I made a (separate) tool for labeling detected faces

Hi digiKam enthuisiasts!

Some background: I use the two ML models built into digiKam to detect faces and then recognize the people. So then I get suggestions for new faces that belong to an existing person, but also a whole bunch of faces that it didn’t recognize at all. I have to manually go through them and tell it what’s the right label.

I find the UX for labeling detected faces (not for adding new face rectangles to images, I’m not doing that and can’t comment on that) to be quite cumbersome. It’s not fundamentally wrong or broken, but there is a number of little issues that make it rather difficult to use for me. I could go and file bugs in the bug tracker, but for all of them to be fixed, it would probably take a while. To highlight only some of them:

  • Whenever I confirm a suggestion at the top of a person’s page, it takes about 1s to save that change (and I have quite a fast and modern machine). Maybe it’s because I have so many images and faces.
  • Sometimes, the view additionally jumps, i.e. scrolls down a bit. I suspect when the image I just labeled happens to be near the viewport afterwards (as it got removed from the “unconfirmed” area and added to the “confirmed” area below), then the UI will scroll to it. So after clicking the checkmark button, I need to wait 1s and then scroll up and then repeat for the next image. This prevents me from just hammering the mouse button when a bunch of suggestions are correct in a row. Of course I could use Shift+click selections and then confirm, but that’s different acrobatics than what I do to confirm individual faces, so I have to move my hands around for that.
  • When I insert another name for one of the faces, that’s now the default name it suggests for all the remaining faces – even though the AI detected them to be the originally suggested person. So I have to type the original person’s name again to continue.
  • In general, I always have to type when the currently suggested person isn’t the right one. Even though there’s only a handful of different people in my photos. Two of them happen to have similar names, so I have to type a bunch of characters before it selects the right one (or use the mouse after typing).
  • When I set up a keyboard shortcut for a person label, it’s assigned to the image as a whole and not to the detected face region, so it’s pointless.
  • I can’t undo, so I have to be careful and can’t just click and type as fast as I can.
  • When I’m not sure who the person is, I open the image full screen, but then I first have to go find the face on the image.

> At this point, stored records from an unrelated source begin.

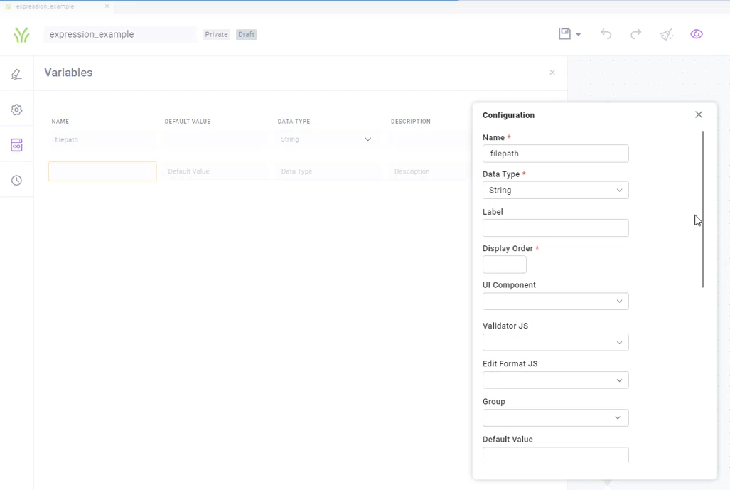 In order for Variables to appear as selectable Elements in the Expression Builder, the Variable(s) have to be configured first on the Variables page (on the left side of the Pipeline Composer). Multiple Variables can be added, each with a Default Value as well as many other properties determining the UI styling/formatting of the Variable.
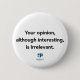 Una frase favorita del Pragmatic Institute, este pin le ayudará a mostrar su valor para la voz del mercado sobre las opiniones internas. Tu opinión, aunque interesante, es irrelevante.
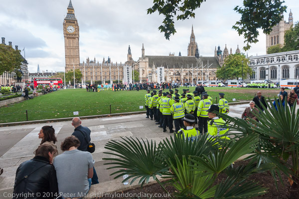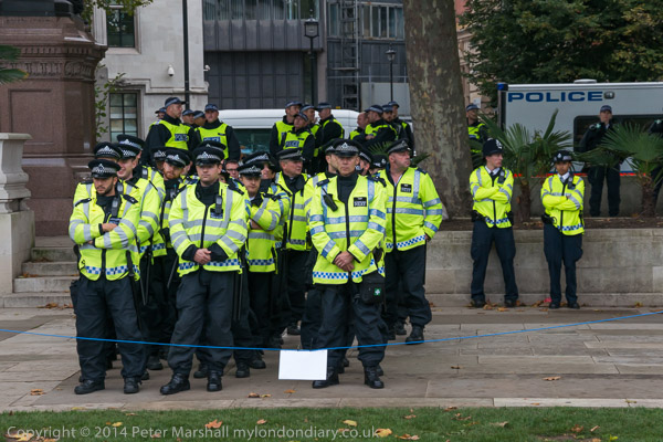 More police arriving and form up in small blocks around the square, waiting for the order to charge
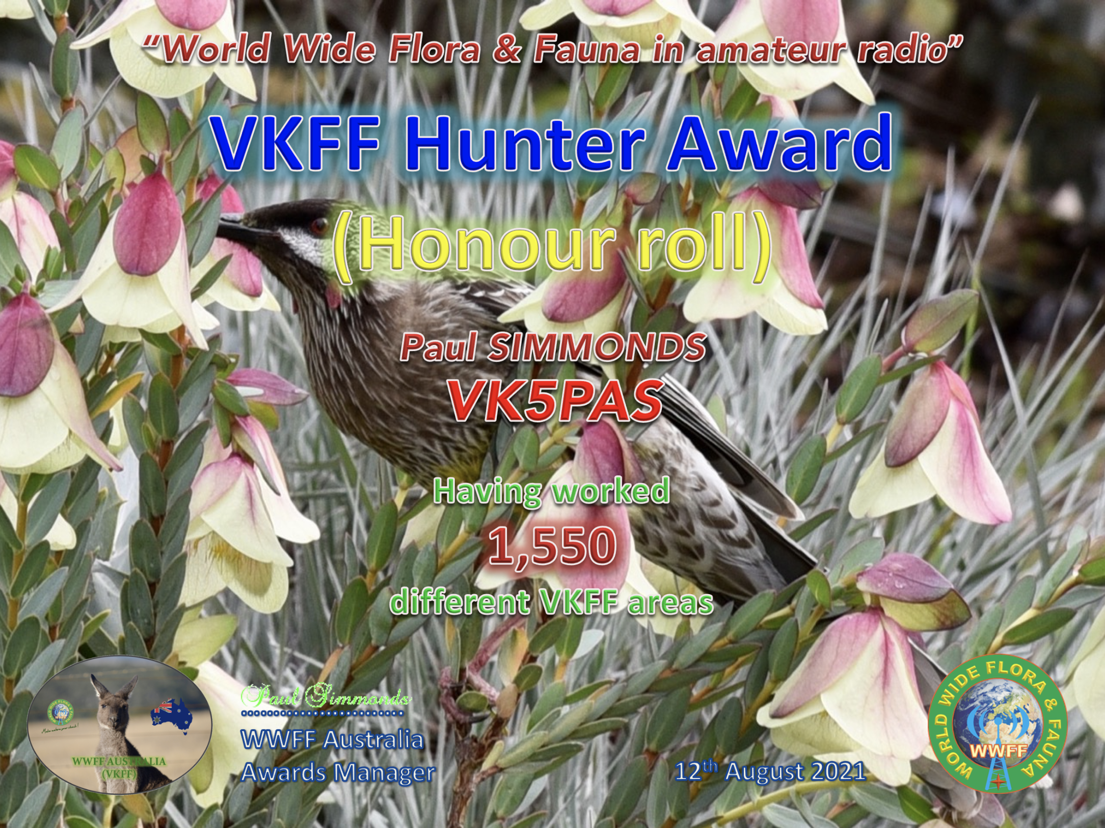 THANK YOU to everyone who called us between March and August whilst we had the calls. We had a terrific time and it was a real honour to be able to use the special event callsigns. Thanks to Stuie VK8NSB for asking us to take part.

It would be nice if it could be highlighted.
  • Generally, I have to switch back and forth between keyboard and mouse a lot.

In the meantime, I have built a separate tool that hooks into the digiKam SQLite database and performs only that one job: face labeling. It can confirm face suggestions, assign other people to those faces, or ignore faces. It’s much faster because it mainly uses keyboard input, preloads things, and batch-saves them later (which also allows for more flexible undo).

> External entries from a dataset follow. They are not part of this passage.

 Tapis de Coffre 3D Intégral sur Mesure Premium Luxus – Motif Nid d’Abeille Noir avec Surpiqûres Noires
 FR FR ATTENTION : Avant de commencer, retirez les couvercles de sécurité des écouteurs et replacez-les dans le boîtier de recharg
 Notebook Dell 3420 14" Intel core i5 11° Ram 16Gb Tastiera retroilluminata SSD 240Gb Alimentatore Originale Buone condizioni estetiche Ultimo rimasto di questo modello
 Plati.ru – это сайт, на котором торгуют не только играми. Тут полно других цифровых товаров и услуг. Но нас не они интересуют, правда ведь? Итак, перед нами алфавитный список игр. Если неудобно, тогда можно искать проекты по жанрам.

I’d like to share it here so that (1) others who have a couple thousand faces to label can be more efficient too, and (2) perhaps it can serve as inspiration for upcoming digiKam features. It’s not super many things that would need to be improved in digiKam to provide a similar UX, but I’m not sure how difficult they are to change.

It didn’t allow me to post links, so:

bitbucket org / Philipp91 / digikam-facelabeler

And the undo feature was already requested in bug ID 298160.